In order to find out the arguments supplied to a given function, we need to look at the disassembled code for either the calling function, the called function, or both.
If we disassemble the caller’s code, we can see where it obtained the values to place into the registers used to pass the arguments to the called function. We can also disassemble the called function, to see if it stored the values it was passed in those registers, to its stack or to memory.
We may then be able to extract those values from the same place, if that is either on the kernel stack, or in kernel memory (if it has not been subsequently changed), both of which are normally included in the crash dump.
The techniques shown cover different ways that the compiler might have chosen to store the values that are passed in the registers:
- The calling function might retrieve the values from:
- The calling function’s stack, via an offset from the (fixed) base of the stack
- Another register, which got its value from one of these above in turn
- The called function might save the values it received in the registers, to:
- The called function’s stack, via push
- Another register, which might itself then be saved in turn
Therefore the technique we use is to:
- Disassemble either or both of:
- The calling function, leading up to the callq instruction, to see from where it obtains the values it passes to the called function in the registers
- The called function, to see whether it puts the values from the registers onto its stack, or into memory
- Inspect those areas (caller/callee stack and/or memory) to see if the values may be extracted
In some cases, it might not be possible to use any of the above methods to find the arguments passed. If this is the case, consider looking at another level of the stack: it’s quite common for the same value to be passed down from one function to the next. Thus although you might be unsuccessful trying to recover that argument’s value using the above methods for your function of interest, that same value might be passed down to further functions (or itself been passed down from earlier functions), and you might have more luck finding it looking at one of those other functions, using the methods above. The value might also be itself contained in another structure, which may be passed in a function argument. A knowledge of the code in question obviously helps in this case.
Finding a function’s stack frame base pointer
For some of the methods noted above, we will need to know how to find the (fixed) base of a kernel function’s stack. Whilst the function is executing, this is stored in the %rbp register, the function’s stack frame base pointer. We may find it in two places in the kernel task’s stack backtrace.

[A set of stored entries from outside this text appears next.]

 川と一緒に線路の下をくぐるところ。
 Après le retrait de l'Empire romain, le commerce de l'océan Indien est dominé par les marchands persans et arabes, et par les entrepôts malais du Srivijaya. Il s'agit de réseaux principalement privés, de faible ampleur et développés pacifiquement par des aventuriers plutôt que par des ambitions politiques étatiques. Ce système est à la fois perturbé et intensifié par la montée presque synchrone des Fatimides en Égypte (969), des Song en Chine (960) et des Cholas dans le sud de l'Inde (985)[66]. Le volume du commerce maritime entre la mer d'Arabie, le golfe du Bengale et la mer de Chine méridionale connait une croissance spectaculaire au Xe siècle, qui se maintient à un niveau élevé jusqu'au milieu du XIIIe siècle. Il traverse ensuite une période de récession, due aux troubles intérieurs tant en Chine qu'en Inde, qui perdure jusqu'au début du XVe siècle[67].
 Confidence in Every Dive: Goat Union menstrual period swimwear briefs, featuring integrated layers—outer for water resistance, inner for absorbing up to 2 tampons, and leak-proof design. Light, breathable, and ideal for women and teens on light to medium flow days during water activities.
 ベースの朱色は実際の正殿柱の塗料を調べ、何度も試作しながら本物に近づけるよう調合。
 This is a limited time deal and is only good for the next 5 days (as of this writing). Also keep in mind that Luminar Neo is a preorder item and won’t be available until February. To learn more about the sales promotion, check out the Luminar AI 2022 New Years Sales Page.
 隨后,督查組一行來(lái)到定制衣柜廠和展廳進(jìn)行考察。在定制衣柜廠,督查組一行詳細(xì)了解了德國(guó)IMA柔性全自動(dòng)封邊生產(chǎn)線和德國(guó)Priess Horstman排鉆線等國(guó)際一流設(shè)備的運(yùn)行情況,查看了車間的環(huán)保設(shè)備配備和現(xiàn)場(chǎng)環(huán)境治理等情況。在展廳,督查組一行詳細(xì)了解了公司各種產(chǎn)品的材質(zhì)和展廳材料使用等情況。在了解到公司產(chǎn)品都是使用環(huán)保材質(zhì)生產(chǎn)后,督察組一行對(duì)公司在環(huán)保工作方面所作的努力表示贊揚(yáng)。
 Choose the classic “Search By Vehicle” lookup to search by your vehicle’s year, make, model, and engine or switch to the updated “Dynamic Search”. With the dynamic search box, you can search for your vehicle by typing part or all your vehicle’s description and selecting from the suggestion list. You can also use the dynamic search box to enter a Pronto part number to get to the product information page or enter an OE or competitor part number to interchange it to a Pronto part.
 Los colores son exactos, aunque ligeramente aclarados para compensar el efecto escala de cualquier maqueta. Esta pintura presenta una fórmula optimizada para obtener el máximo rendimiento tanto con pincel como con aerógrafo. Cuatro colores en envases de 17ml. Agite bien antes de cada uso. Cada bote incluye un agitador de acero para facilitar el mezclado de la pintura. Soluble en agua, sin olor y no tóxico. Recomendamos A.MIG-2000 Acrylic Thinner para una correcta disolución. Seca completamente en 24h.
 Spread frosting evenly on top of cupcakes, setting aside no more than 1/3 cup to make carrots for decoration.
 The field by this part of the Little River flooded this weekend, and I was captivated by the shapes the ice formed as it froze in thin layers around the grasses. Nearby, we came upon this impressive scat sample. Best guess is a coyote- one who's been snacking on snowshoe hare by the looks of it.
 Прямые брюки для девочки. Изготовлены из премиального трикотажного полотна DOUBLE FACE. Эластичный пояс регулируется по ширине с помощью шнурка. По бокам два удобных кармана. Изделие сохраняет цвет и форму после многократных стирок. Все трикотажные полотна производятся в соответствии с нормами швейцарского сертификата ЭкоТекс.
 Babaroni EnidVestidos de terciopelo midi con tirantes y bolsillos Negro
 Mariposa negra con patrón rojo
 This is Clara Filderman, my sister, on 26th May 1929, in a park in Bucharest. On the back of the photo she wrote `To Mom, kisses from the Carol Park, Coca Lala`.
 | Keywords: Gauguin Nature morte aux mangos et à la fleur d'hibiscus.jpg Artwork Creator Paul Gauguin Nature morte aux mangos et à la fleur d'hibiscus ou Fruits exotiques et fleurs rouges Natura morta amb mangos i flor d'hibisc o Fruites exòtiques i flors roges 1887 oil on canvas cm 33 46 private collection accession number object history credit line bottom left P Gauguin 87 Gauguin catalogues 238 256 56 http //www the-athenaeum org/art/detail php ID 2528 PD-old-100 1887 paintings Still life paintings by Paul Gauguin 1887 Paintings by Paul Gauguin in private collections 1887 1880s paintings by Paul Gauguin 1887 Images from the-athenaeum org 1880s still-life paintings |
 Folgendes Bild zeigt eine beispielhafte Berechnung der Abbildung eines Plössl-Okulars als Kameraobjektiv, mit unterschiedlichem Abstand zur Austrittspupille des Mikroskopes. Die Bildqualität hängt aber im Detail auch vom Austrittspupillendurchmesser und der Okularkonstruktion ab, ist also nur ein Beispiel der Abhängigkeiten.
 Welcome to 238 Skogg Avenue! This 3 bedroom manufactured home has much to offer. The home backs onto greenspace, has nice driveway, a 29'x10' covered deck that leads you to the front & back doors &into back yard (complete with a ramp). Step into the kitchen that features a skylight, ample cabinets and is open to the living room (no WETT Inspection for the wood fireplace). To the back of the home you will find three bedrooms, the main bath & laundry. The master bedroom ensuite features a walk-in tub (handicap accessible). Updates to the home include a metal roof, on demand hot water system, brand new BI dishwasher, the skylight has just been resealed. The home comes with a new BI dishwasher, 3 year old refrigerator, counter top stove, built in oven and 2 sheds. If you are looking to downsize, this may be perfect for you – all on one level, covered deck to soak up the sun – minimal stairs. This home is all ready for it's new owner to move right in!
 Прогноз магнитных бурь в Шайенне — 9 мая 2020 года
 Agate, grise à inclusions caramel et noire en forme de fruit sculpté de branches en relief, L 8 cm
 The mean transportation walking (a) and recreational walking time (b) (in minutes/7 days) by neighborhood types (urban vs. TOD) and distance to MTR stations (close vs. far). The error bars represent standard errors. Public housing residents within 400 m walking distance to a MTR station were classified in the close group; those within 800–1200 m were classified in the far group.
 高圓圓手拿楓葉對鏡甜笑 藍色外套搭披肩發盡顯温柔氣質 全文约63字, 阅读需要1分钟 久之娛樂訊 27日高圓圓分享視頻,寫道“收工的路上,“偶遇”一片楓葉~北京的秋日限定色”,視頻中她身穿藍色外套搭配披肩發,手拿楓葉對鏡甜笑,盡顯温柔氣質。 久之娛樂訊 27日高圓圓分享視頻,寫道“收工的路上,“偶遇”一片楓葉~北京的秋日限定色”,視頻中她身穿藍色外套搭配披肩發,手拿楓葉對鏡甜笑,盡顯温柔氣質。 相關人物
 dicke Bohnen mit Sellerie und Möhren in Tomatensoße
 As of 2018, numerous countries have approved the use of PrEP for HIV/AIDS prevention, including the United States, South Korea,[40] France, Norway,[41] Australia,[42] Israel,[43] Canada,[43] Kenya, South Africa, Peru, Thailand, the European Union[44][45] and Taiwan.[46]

To show a kernel task’s stack backtrace, use bt:
Note: -sx tells bt to try to show addresses as as symbol name plus a hex offset.
The above lists the functions calls found in the stack; we also want to see the actual stack content, i.e. the content of the stack frames, for each function call. Let’s say we are interested in the arguments passed to the mutex_lock call; we may therefore need to look at its caller, which is do_last, so let’s concentrate on its stack frame:
Note: -FF tells bt to show all the data for a stack frame, symbolically, with its slab cache name, if appropriate.
The stack frame of the calling function do_last is shown above. Its stack frame base pointer 0xffff88180dc37d58 appears in two locations, shown highlighted with ***.
The stack frame base pointer, for a function, may be found:
- As the second-last value in the stack frame above the function (i.e. above in the bt output)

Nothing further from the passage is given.